Outside the scope of asana practice, there are some specific stretches which can be very useful to open up the hips, permitting the full expression of samakonasana and, generally speaking, enhancing your yoga practice. If performed regularly, they will develop flexibility in the adductors, hamstrings, quadriceps, hip flexors and lower back muscles, and strengthen them at the same time.
Proceed slowly, pay attention to alignment, and be patient. Do not go beyond your limits, let your body gradually get used to these new stretches.
1 – a: Spread your legs four to five feet apart and turn your left foot slightly out. Bend the left knee and slowly move into a squatting position, keeping the right leg straight with the toes pointed to the sky.With your left upper arm and shoulder, gently push the left inner thigh and knee out. Make sure that your bent knee always faces the same direction as your toes. Going into a squatting position might be too much at the beginning, so stay higher if you need to, until the body is ready to go deeper into the stretch. Stay 30 to 45 seconds, and slowly come up. Repeat on the other side.
1 – b: Same as 1 – a, except the intensity is increased due to the position of the straight leg. The foot of the straight leg is placed higher (on the blocks), so the squatting position is deeper and gives you a more intense stretch.
2 – a: Stand near a table or window and place the right foot on the edge, at hip level, with toes pointed to the sky. Make sure that the left leg is in neutral position. Stay in the posture for approximately 30 seconds, allowing the groins to open up slowly. Then move on to 2 - b.
2 – b: As you exhale, fold forward, placing your hands on the floor and allowing the right thigh to roll in so that once bent over, your right inner foot faces the floor. Keep the legs active and make sure that your left knee is not locked. If your hamstrings are tight, stay higher, placing your hands on blocks or a chair. Stay in this position for 30 to 45 seconds, then come up on an inhalation.
2 – c: From 2 – a, turn the left foot slightly out, making sure that the kneecap and toes face the same direction. Slowly, bend the left knee, pushing the hips further back, and fold slightly forward. Place the left hand on your left thigh and the right hand on the edge of the table or window for stability. How deep you go will depend on the flexibility in your groins (adductors, lateral hip rotators and hamstrings). This is the most challenging variation, so proceed slowly and listen to your body. After 30 to 45 seconds, come up on an inhalation. Repeat 2 – a), b) and c) on the other side.
3: Spread your legs wide (5 to 7 feet apart), lean forward and place your hand on the floor.Turn the left toes and the right heel (picture a) to the sky so that the left thigh rolls out and the right thigh remains in neutral position.
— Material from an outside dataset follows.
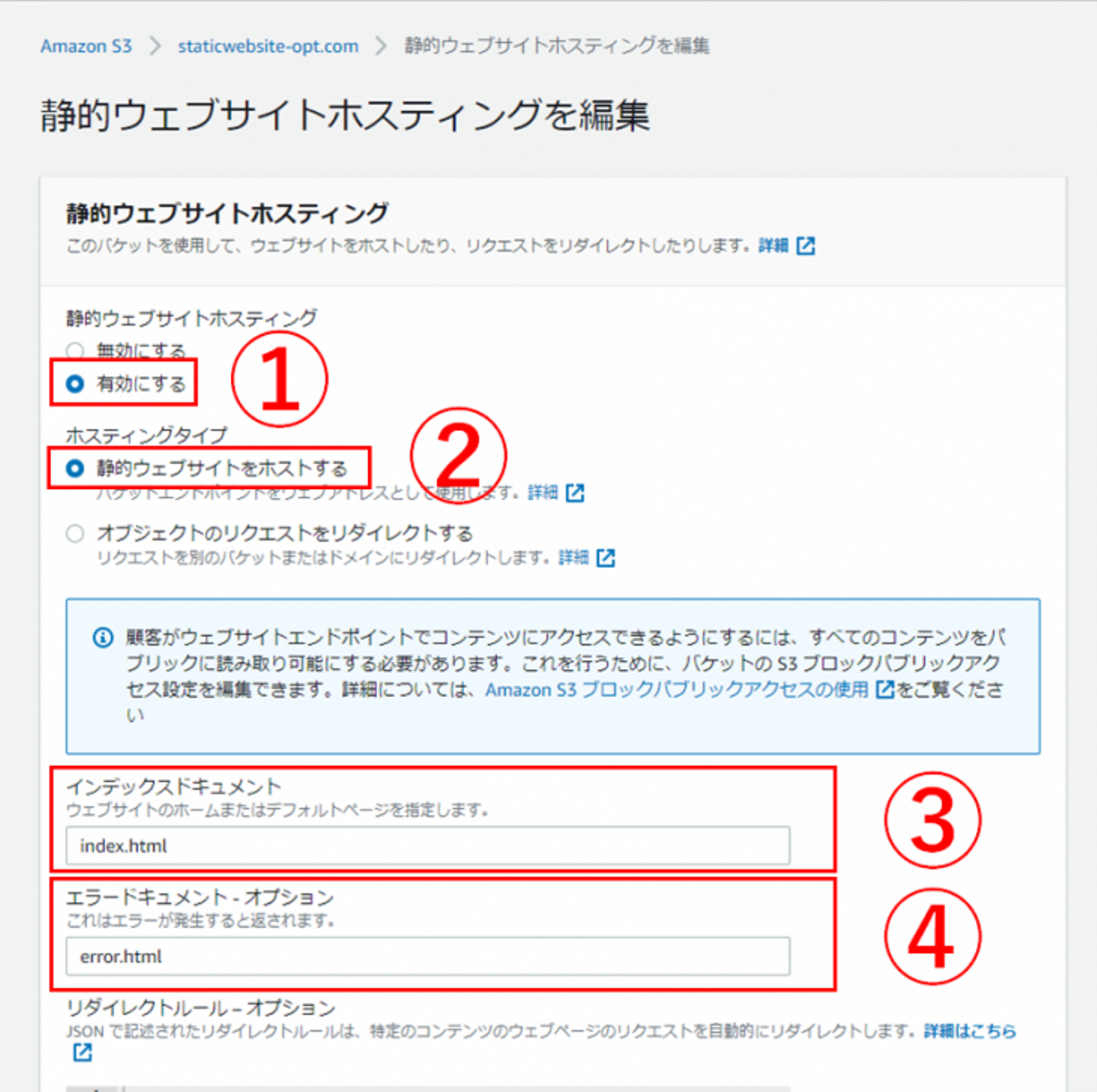という、S3にアクセスするとWebサイトが見れるようになる機能になります。

Twisting slightly to the left, shift more body weight through your arms and allow your hips to sink towards the floor, until you feel a deep stretch in the right quadriceps and hip flexors.This position also gives an intense stretch to the left inner thigh muscles. Remain in the pose for 30 to 45 seconds.
As you inhale, lift the hips higher up, placing the feet evenly on the floor, before proceeding with the other leg
Be careful if you have any issue with the lower back or sacroiliac joints.
4: Spread your legs wide (5 to 7 feet apart), lean forward and place your hands on the floor. Push your hips gently backwards as you slide your feet further apart, until you find your limit. Make sure that most of your body weight is distributed through your arms, so that you can pull you feet back closer together at anytime if you went too far. Respect your limits and be patient. Eventually your legs will be spread wide with your groins almost, or directly, on the floor. Once your groins reach the floor, you are ready to move towards the full expression of samakonasana.
5: As you inhale, sit on the floor and straighten yourself up, rotating your thighs out, pointing the toes toward the sky. Place your hands in prayer fashion in front of your heart. Press gently one hand into the other, keeping your chest, shoulders and upper back broad and energized. Pull your kneecaps up and charge your legs. Point the toes forwards a bit and spread them wide, nailing the heels into the floor. Keep the face and eyes relaxed, remaining in the pose for 5 to 10 deep, full, rhythmic and even breaths. Slowly come out by bringing the legs together, while still sitting.
Benefits:
• Strengthens the legs, lower back and groins.
• Increases blood flow to the lower belly and groin area.
• Develops flexibility in the hips, adductors (inner thigh muscles), hamstrings (back thigh muscles), sartorious (tailor muscle) and lateral hip rotators (muscles that rotate hips and thighs externally).
Counter-indications:
Lower back, knee and groin problems.

UBHAYA PADANGUSHTASANA :-


UBHAYA PADANGUSHTASANA :- Ubhaya means Both, Padangushtasana means Big toe. To start wity one rolls over backwards to the floor, and it takes some time and practice to learn to balance on the buttocks alone.Stay in the pose from 30 to 60 seconds with normal breathing. BENIFITS :- This aana tones the abdomial organs and keeps them free from sluggishness. It also tones the kidneys, rejuvenates the whole spine and improves the digestion.The spines of animals are horizontal and their hearts are below the spine.This keeps them healthy and gives them great power of endurance. In humans the spine is vertical and the heart is not lower than the spine,so that they soon feel the effects of exertion and are also susceptitble to the heart deseases.In due to the extra stretch given to the pelvic region more oxygenated blood is brought there and the gonad glands absorb the required nutrition from the blood.This increases vitality,helps to cure impotency and leads to sex control. Hence, this asana was called Brahmacharyasana.Brahmacharya means celibacy anda Brahmachari is one who has controlled the sex appetite and who is live every movement in divine.
EFFECTS :- The pose helps balance and poise.The legs stretch fully which makes the thighs and calves shapely.

Friday, August 15, 2008

KROUNCHASNA :-


KROUNCHASNA :-
Translation: In Sanskrit, Krouncha means Heron. It also means mountain. Asana means pose.
Krounchasana can be viewed as an intensified variation of the Triang Mukhaikapada Paschimottanasana pose.
Triang Mukhaikapada Paschimottanasana is a seated forward bending pose with one leg bent back with the foot next to the hip joint and the other stretched straight in front on the ground. In this pose, you extend the torso forward over the extended leg.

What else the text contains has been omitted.